The aircraft is not a tiltwing or tiltrotor design. Instead, the entire aircraft changes pitch in order to fly in two modes: hovering and cruising. In hover mode, the aircraft is pitched roughly vertically and maintains its position and altitude by default, though it can move laterally and longitudinally, as well as change its heading, if commanded. In cruise mode, the aircraft is pitched roughly horizontally and maintains straight and level flight by default, though it can accelerate forwards and backwards, as well as make coordinated turns, if commanded. For efficient Cruise flight, the BlackFly cants the wings and propellers to an optimal angle of attack. The forward wing has a slightly lower angle of attack to aid stall recovery. At low speeds, the forward wing will stall first, causing the nose to fall, increasing air speed and automatically exiting a stall.

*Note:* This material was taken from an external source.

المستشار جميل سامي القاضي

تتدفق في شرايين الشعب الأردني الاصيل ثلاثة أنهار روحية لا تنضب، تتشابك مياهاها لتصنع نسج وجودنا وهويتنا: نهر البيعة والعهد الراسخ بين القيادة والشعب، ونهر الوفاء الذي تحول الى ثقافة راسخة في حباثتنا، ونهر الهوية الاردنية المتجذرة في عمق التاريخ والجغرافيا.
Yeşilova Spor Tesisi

The BlackFly has a defined flight envelope and its controls are triple-redundant fly-by-wire. Takeoff and landing are vertical, and the aircraft can take off into Cruise or Hover modes. The landing gear consists of a rub strip on the bottom of an amphibious hull and a small rubber bumper on the rear of the fuselage. The lower edges of the winglets are skids that limit the vehicle's roll when parked. The vehicle is designed to fly from a grass surface, but can also be flown from asphalt, snow, ice, and fresh water (in potential emergencies).

Pilot controls consist of two identical joysticks (of which only one is necessary to fly the aircraft, with the other acting as a safety redundancy), each with a thumb control for altitude. The fly-by-wire controls manage all motors, as well as the dual elevons on the outer edges of both wings. Differential motor speeds provide control authority in pitch, roll, and yaw. The elevons are in the prop wash of the outer propellers, enhancing their roll and pitch authority at low speeds.

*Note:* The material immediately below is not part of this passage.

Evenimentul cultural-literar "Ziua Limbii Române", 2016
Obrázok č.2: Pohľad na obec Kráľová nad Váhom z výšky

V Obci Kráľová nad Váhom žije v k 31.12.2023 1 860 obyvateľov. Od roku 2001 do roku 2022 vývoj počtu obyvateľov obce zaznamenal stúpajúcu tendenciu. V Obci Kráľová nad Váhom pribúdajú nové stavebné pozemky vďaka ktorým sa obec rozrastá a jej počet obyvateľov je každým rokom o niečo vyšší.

The BlackFly also can be flown in an unmanned configuration. Most flight testing has been unmanned, operated by software with a test weight in place of a pilot. Each motor weighs 4 lb and produces 130 lb of thrust. There are two batteries per motor, located in the wing behind each motor. Adjacent batteries can be cross-connected for redundancy. The batteries are software-monitored.

== Applications ==
In 2026, a BlackFly ultralight plane was used to carry first-response gear and a paramedic to stabilize patients before an ambulance can reach the scene.